> EXERCISE INSTRUCTIONS:
Extract only the lines from the start of the entries below to the line with "A stunning display", inclusive; omit every picture.

Start of DATA FOR ANALYSIS

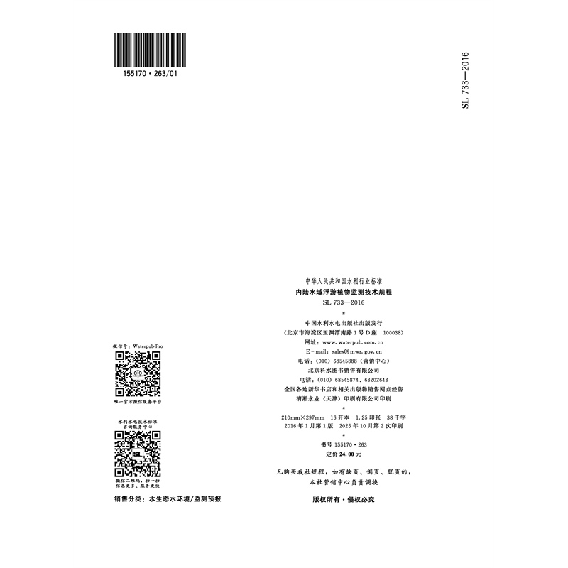 内陆水域浮游植物监测技术规程 SL 733-2016 (中华人民共和国水利行业标准)
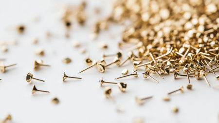 A stunning display of gold push pins emphasizes their shine and design. Perfect for office use, crafting, and creative projects, these versatile fasteners add elegance to any workspace.
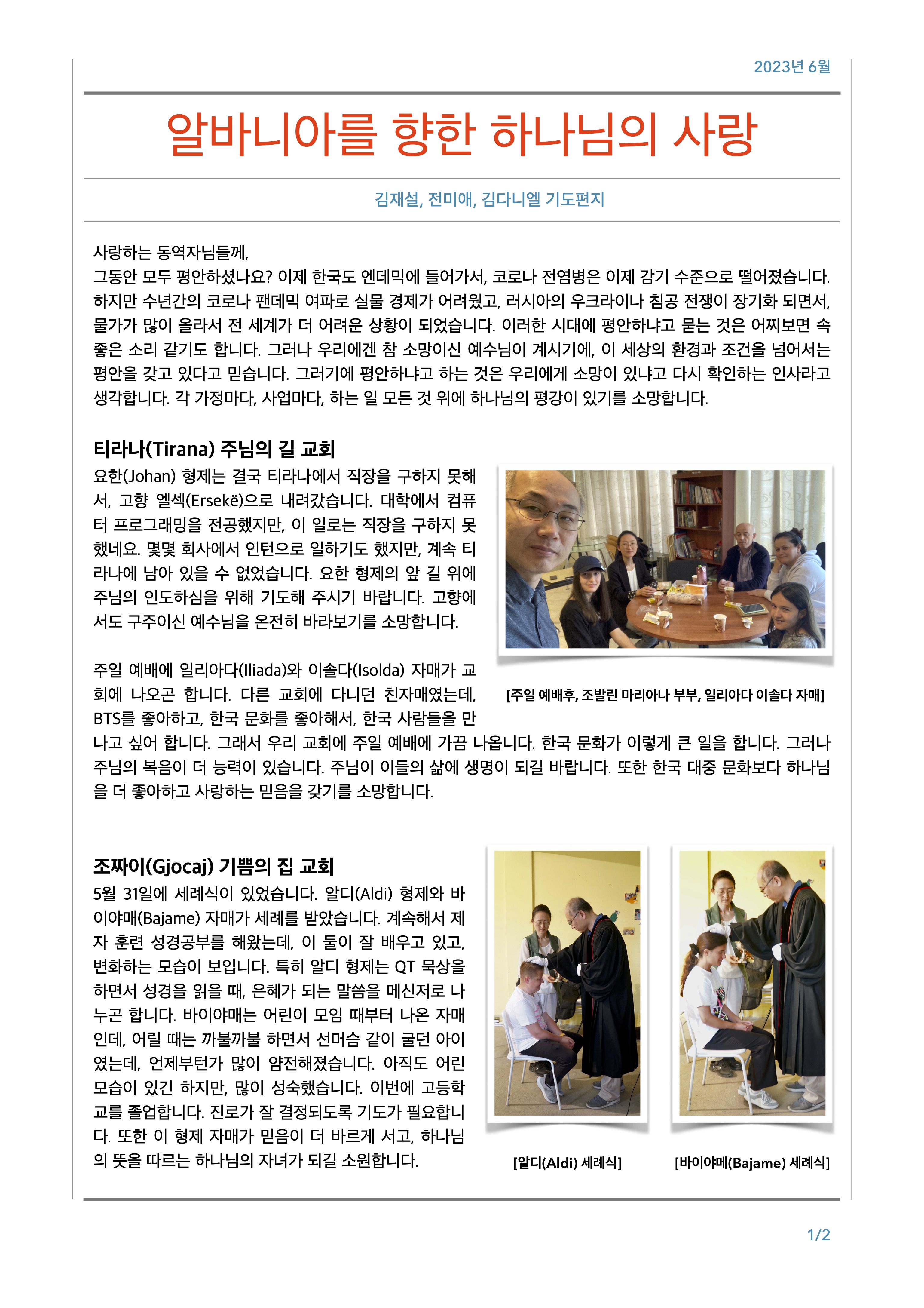 기도...함께 2023년 6월 기도편지 알바니아 사랑 2023. 6. 28. 15:14 이제까지 기도편지를 쓴 것을 자주 여기 올리지 않았습니다. 지금부터라도 잘 올려야겠어요. 공유하기 게시글 관리 알바니아를 향한 하나님의 사랑 '기도...함께' Related Articles 2024년 1월 기도편지 2023년 10월 기도편지 2016년 5월 소식 2015년 7월 기도편지
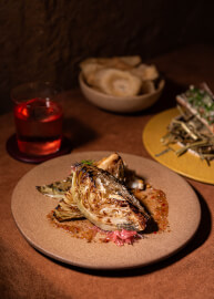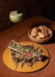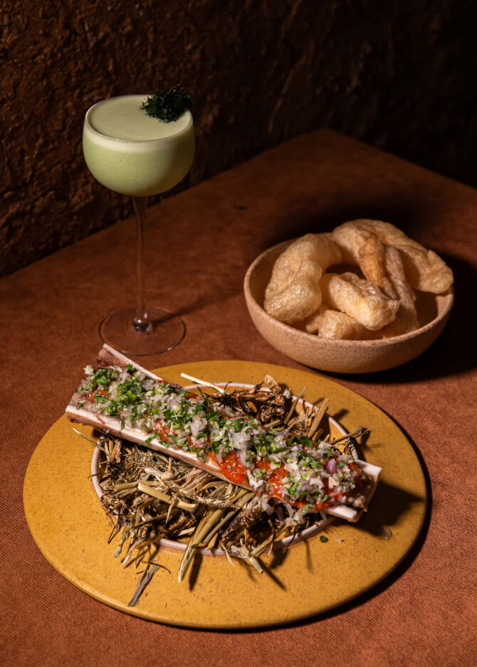 ต่อกันด้วย Bone Morrow Pate (440 บาท) เมนูที่สะท้อนกลิ่นอายความเป็นไทยแท้ เชฟเลือกใช้ แคบควาย ที่ให้รสสัมผัสกรุบกรอบเป็นพิเศษ ก่อนนำไปปรุงกับสมุนไพรพื้นบ้านอย่างประณีต ทั้งผักชี ต้นหอม กระเทียม และหอมแดง เพื่อเติมเต็มกลิ่นหอมอบอวลและรสชาติที่ลึกซึ้งในทุกคำ สามารถทานคู่กับเครื่องดื่มน่าลองอย่าง Guava Batida (420 บาท) เมนูที่จะตีความใหม่ของ Batida แบบบราซิล ด้วยกลิ่นหอมของฝรั่ง ใบดาวเรือง โยเกิร์ต และใบโหระพาสด เติมรสชาติสดชื่น นุ่มละมุน ดื่มง่าย เหมาะสำหรับค่ำคืนที่ต้องการผ่อนคลาย
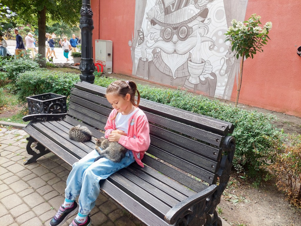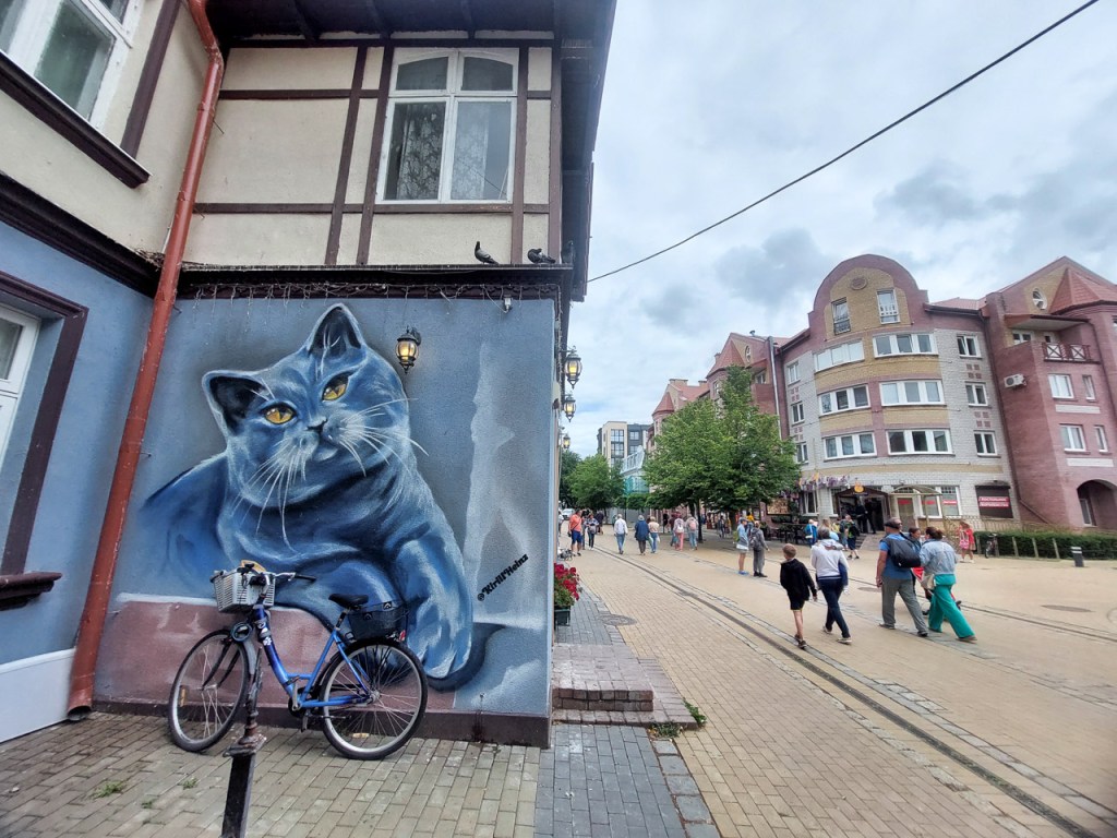 Ну а чем Зеленоградск валит наповал — так это котики. Это город котиков! Как в визуально-оформительском, так и в прямом смысле. Визуальный символ-бренд города — котик. Любой.

End of DATA FOR ANALYSIS

> RESULT OF THIS EXERCISE:
 内陆水域浮游植物监测技术规程 SL 733-2016 (中华人民共和国水利行业标准)
 A stunning display of gold push pins emphasizes their shine and design. Perfect for office use, crafting, and creative projects, these versatile fasteners add elegance to any workspace.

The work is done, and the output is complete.